Linden Font
Thursday, 31 January 2013
Neil Perry's steamed snapper with ginger and spring onions
I've been eyeing this recipe off the past few days. I'm craving clean, fresh flavours and am in dire need of some brain food. The last two weeks of red meat madness was pleasurable at the time, but I'm ready for a break. A short break, but a break all the same. You can take the girl out of the butcher... Wait. This isn't going to end well.
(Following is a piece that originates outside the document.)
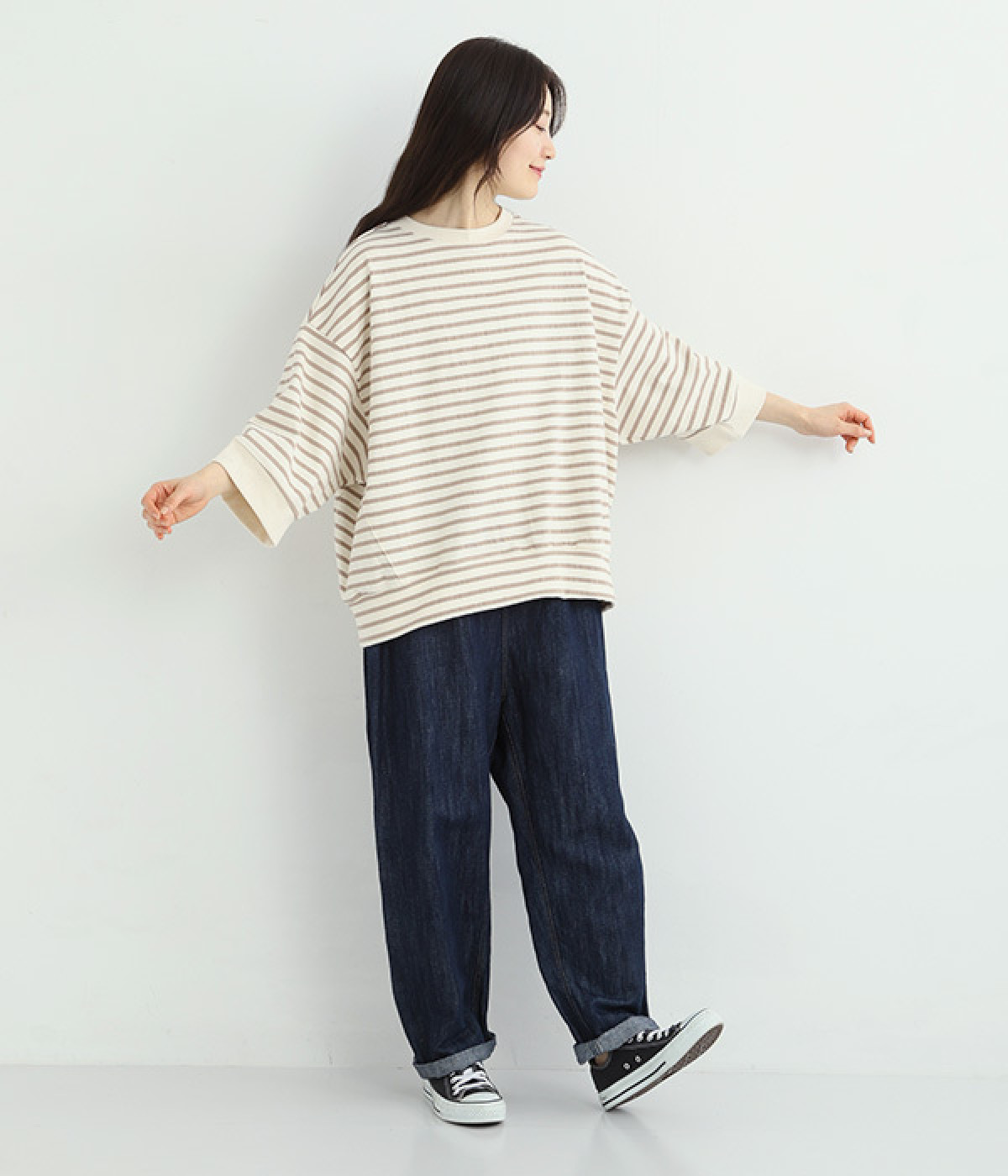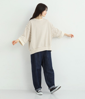 サイドの切り替えを斜めにしてワイドシルエットをすっきりと見せたのがポイント。アウトラインはリブ仕立てにしてメリハリをつけました。コーディネートをさわやかに演出するボーダー柄があたたかい季節にぴったり。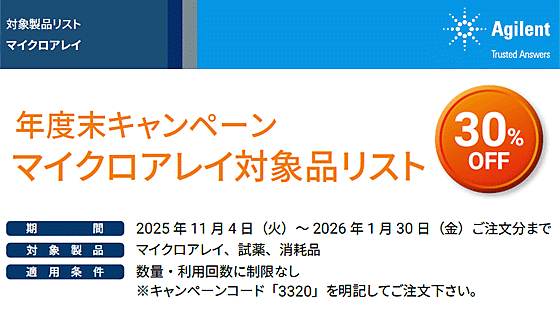 1/30まで!アジレント「マイクロアレイ対象品」年度末キャンペーン

I made a few alterations to Mr Perry's recipe (or is that Mr Perry AO after the weekend?) Nothing major, just swapping out the light soy for some dark (and just reduced the amount to 1.5 tablespoons) and I used a fillet instead of the whole fish (and steamed for just under 10 minutes). The cabbage leaf to rest the fish on was absent - I threw in some baking paper instead. It doesn't inspire confidence when you commence a post with "So, I made this amazing chef's recipe, but I totes changed it all". Rest assured, this was delicious despite my best efforts to stuff it up.
You can check out the recipe here. The Rockpool site is a treasure trove for some of Neil Perry's most amazing recipes, but if I were you I'd just bite the bullet and buy one of his cookbooks. Or better yet, go eat at one of his restaurants. Clarification: not a paid post. I just love his food.